Task — Give again, exactly as written, the lines of the records below from the line with "Even more courageous" to the line with "For the cabinet". Both end lines count; pictures do not.

Supplied records —
● ● ● ● ● ● ●

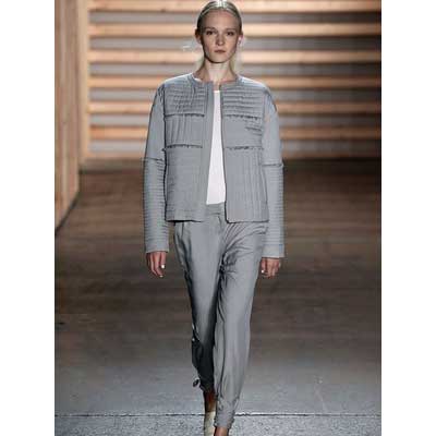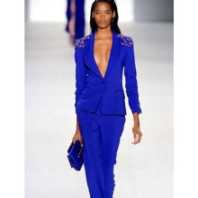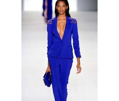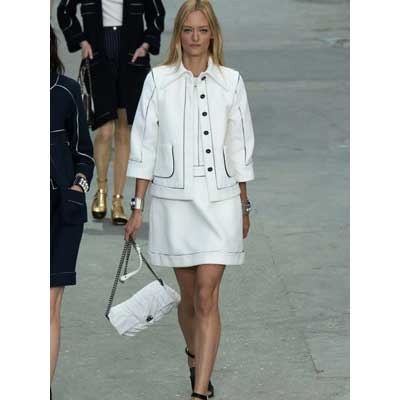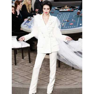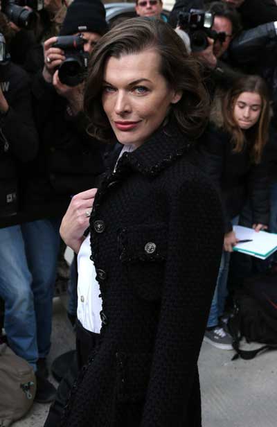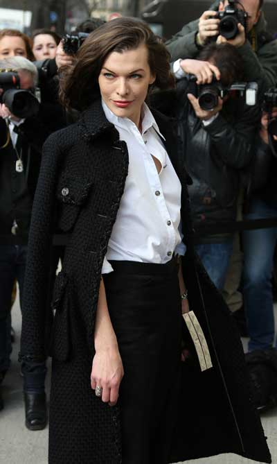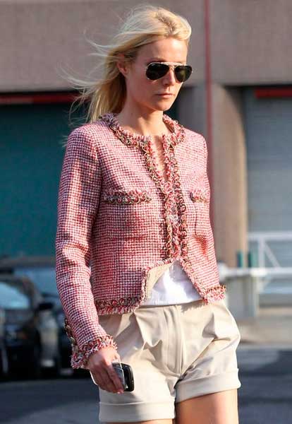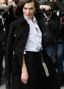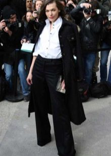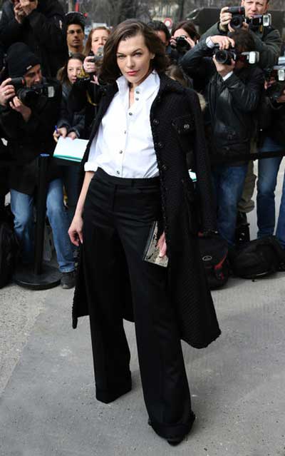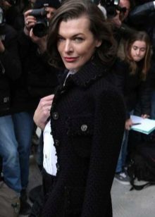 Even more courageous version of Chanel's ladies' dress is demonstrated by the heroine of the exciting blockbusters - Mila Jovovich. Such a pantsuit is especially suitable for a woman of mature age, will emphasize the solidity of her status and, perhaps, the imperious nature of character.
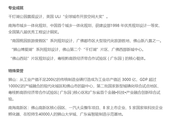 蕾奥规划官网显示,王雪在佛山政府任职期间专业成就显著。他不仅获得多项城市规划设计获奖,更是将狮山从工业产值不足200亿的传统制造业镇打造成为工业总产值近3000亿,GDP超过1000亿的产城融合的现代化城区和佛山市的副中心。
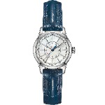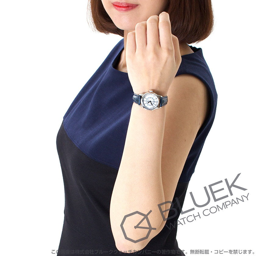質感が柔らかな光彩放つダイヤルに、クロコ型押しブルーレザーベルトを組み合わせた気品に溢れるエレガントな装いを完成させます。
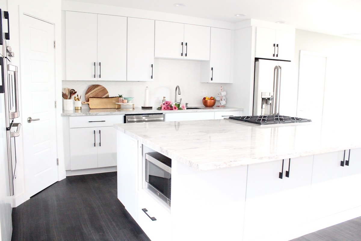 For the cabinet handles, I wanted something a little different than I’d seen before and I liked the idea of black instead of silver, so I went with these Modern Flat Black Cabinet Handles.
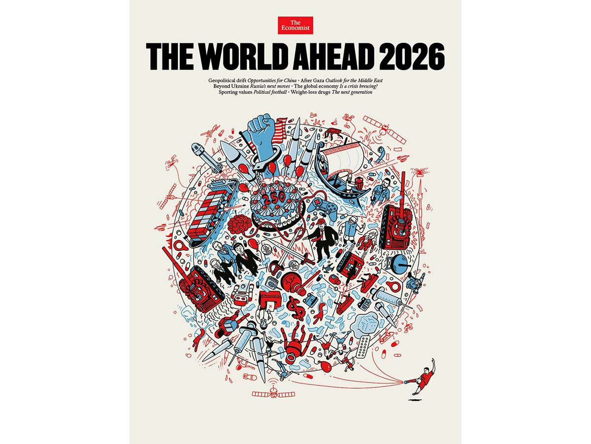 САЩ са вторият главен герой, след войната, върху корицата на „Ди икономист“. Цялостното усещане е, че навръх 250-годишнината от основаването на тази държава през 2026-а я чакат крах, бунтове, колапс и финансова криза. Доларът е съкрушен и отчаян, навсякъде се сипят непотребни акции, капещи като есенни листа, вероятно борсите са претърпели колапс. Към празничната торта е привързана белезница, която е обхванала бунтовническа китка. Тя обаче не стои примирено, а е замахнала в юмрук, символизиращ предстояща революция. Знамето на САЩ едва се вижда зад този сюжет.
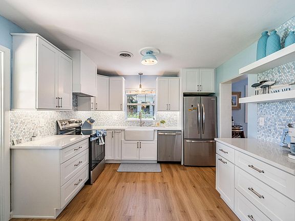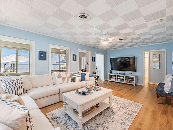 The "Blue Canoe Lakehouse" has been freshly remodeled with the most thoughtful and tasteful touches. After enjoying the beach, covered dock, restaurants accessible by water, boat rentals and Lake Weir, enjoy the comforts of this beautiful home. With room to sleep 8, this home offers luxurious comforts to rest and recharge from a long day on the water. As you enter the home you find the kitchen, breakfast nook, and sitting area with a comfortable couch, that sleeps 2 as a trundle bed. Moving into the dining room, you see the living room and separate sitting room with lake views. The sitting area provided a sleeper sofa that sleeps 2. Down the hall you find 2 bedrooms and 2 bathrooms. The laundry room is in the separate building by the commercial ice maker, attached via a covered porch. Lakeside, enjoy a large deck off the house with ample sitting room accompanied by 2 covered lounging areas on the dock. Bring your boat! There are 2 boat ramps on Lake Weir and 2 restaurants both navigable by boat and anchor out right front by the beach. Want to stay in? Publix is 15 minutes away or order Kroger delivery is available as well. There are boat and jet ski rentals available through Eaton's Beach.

● ● ● ● ● ● ●

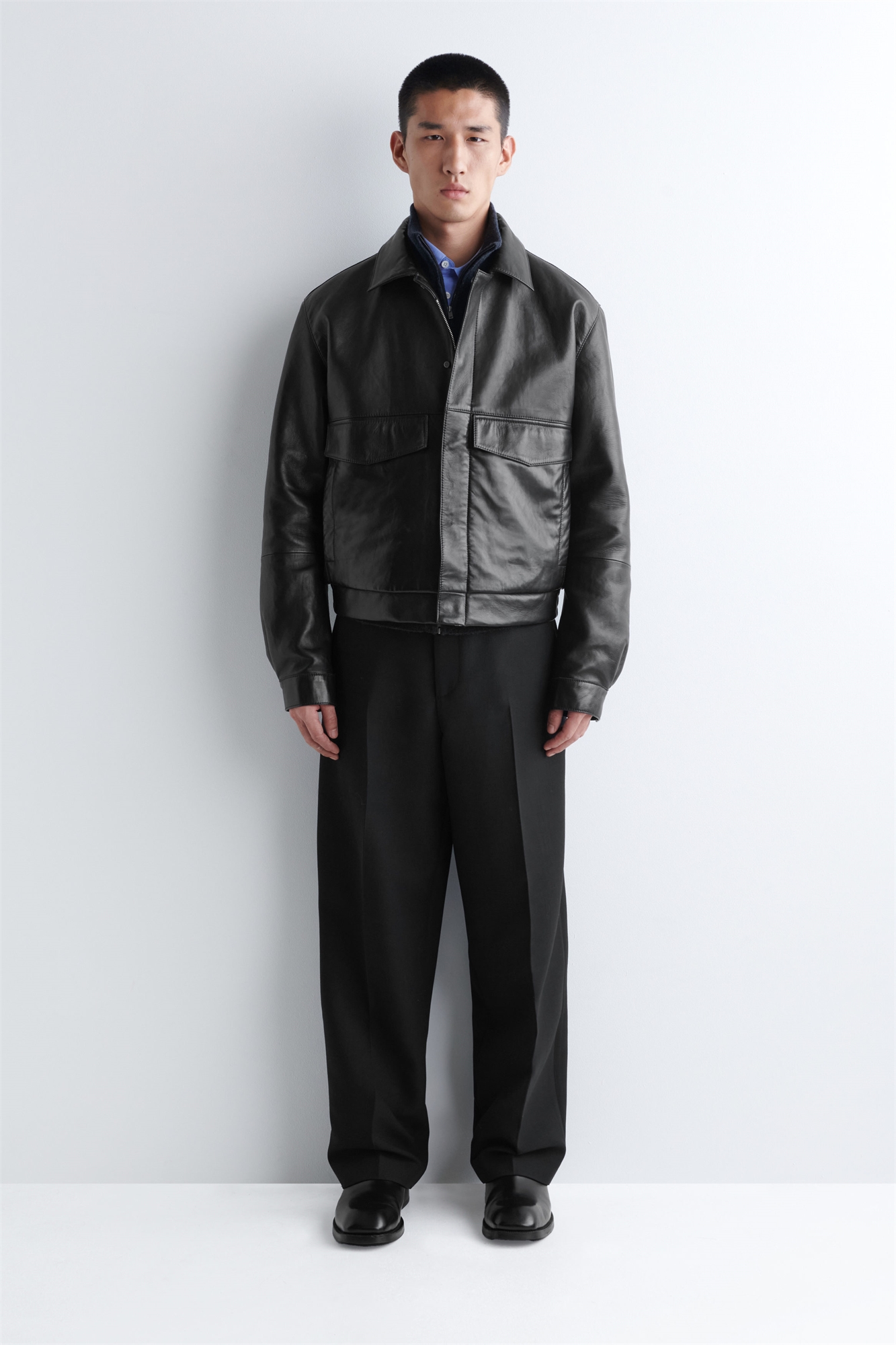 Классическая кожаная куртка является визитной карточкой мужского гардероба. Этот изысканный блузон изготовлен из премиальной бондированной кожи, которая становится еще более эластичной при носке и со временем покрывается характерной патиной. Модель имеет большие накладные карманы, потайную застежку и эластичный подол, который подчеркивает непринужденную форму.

● ● ● ● ● ● ●

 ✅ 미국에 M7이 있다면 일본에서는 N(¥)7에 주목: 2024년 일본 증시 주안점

● ● ● ● ● ● ●

The completed task —
 Even more courageous version of Chanel's ladies' dress is demonstrated by the heroine of the exciting blockbusters - Mila Jovovich. Such a pantsuit is especially suitable for a woman of mature age, will emphasize the solidity of her status and, perhaps, the imperious nature of character.
 蕾奥规划官网显示,王雪在佛山政府任职期间专业成就显著。他不仅获得多项城市规划设计获奖,更是将狮山从工业产值不足200亿的传统制造业镇打造成为工业总产值近3000亿,GDP超过1000亿的产城融合的现代化城区和佛山市的副中心。
質感が柔らかな光彩放つダイヤルに、クロコ型押しブルーレザーベルトを組み合わせた気品に溢れるエレガントな装いを完成させます。
 For the cabinet handles, I wanted something a little different than I’d seen before and I liked the idea of black instead of silver, so I went with these Modern Flat Black Cabinet Handles.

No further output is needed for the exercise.